Goal of the exercise: Once you find the line with "So, ich habe" in the data below, transcribe exactly each line from there to the line with "Il porta tv", inclusive, and nothing else. Drop the pictures.

Recorded data:
====

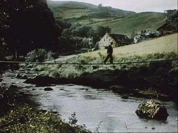 This was a fine example of the lustrous palette found in Technicolor. The commentary is read by Stephen Murray. The film is full of glorious shots of the Stroud Valley, old buildings and a graveyard, valley slopes, smooth rivers and nestling tress and flora. Later we enter an old linen factory where the rich colours of the cloth exploit the colour process. The film is edited into a gentle narrative. The opening shows a horse and rider wending their way down hill. There follow later some good example of forward and reverse tracking shots. The commentary proposes a ‘secret’ which is followed till we hear and see an explanation of the Stroud cloth industry. At the end the horse and rider wend their way back uphill; then a cut shows us a modern tractor, presumably as comment that Stroud is modernising.
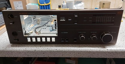 So, ich habe das Deck geöffnet, um die Funktion der verbleibenden Baugruppen und Teile nochmal zu überprüfen. Im Deck verbleiben lediglich alle Potentiometer, Schalter, LED´s, der Anzeigebaustein und der Kopfhörerverstärker einschließlich der dazu gehörenden Anschlussleitungen. Und natürlich der Tastensatz vom Laufwerk. Der Rest geht erst einmal als Ersatzteile in den Schrank. Dann werden die restlichen Komponenten entfernt.
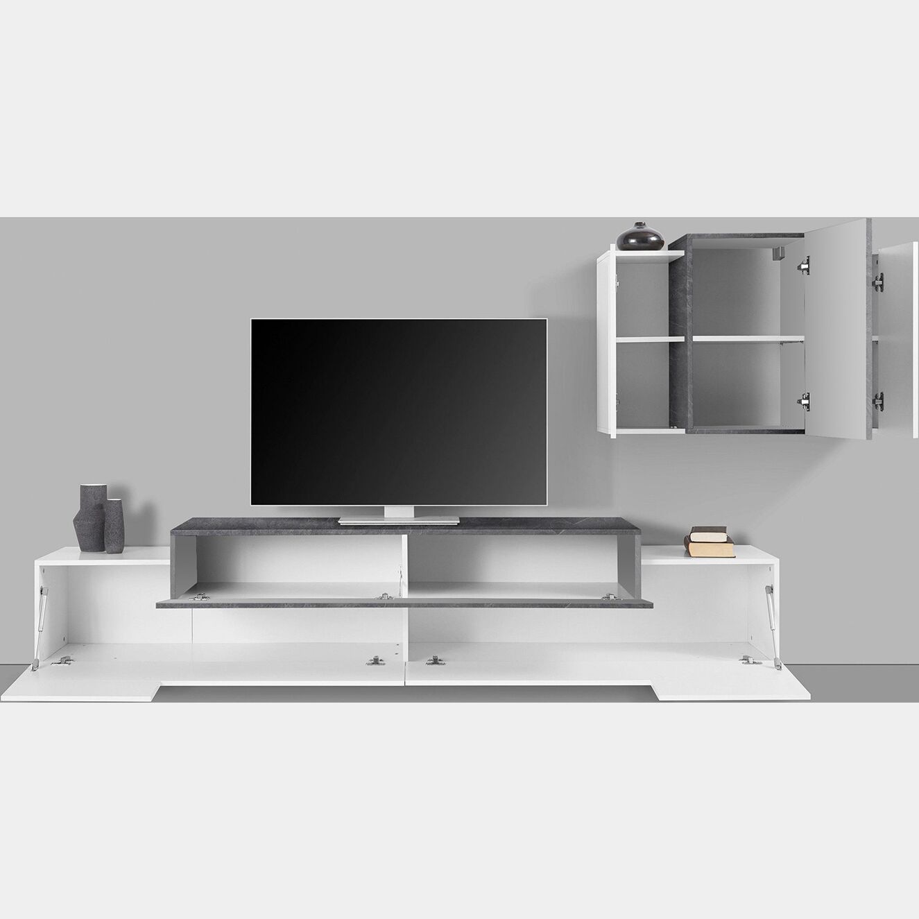 Il porta tv presenta 2 ribalte, la maggiore in finitura bianca mentre quella superiore in finitura ardesia. Centralmente è presente un divisorio. Il pensile sospeso invece prenseta 2 ante bianche e un'anta centrale di maggiori dimensioni color ardesia. All'interno del pensile è presente un ripiano centrale per anta.
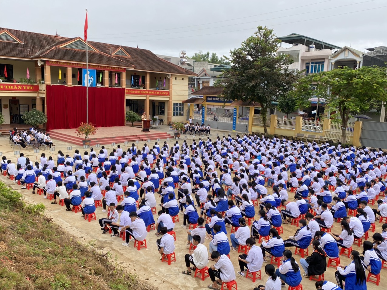 Tham gia buổi tuyên truyền có đồng chí Lù Anh Trung - cán bộ Đội cảnh sát giao thông  - trật tự Công an Thành phố Điện Biên Phủ, 55 cán bộ, giáo viên và 989 em học sinh nhà trường.

====

Response to the task:
 So, ich habe das Deck geöffnet, um die Funktion der verbleibenden Baugruppen und Teile nochmal zu überprüfen. Im Deck verbleiben lediglich alle Potentiometer, Schalter, LED´s, der Anzeigebaustein und der Kopfhörerverstärker einschließlich der dazu gehörenden Anschlussleitungen. Und natürlich der Tastensatz vom Laufwerk. Der Rest geht erst einmal als Ersatzteile in den Schrank. Dann werden die restlichen Komponenten entfernt.
 Il porta tv presenta 2 ribalte, la maggiore in finitura bianca mentre quella superiore in finitura ardesia. Centralmente è presente un divisorio. Il pensile sospeso invece prenseta 2 ante bianche e un'anta centrale di maggiori dimensioni color ardesia. All'interno del pensile è presente un ripiano centrale per anta.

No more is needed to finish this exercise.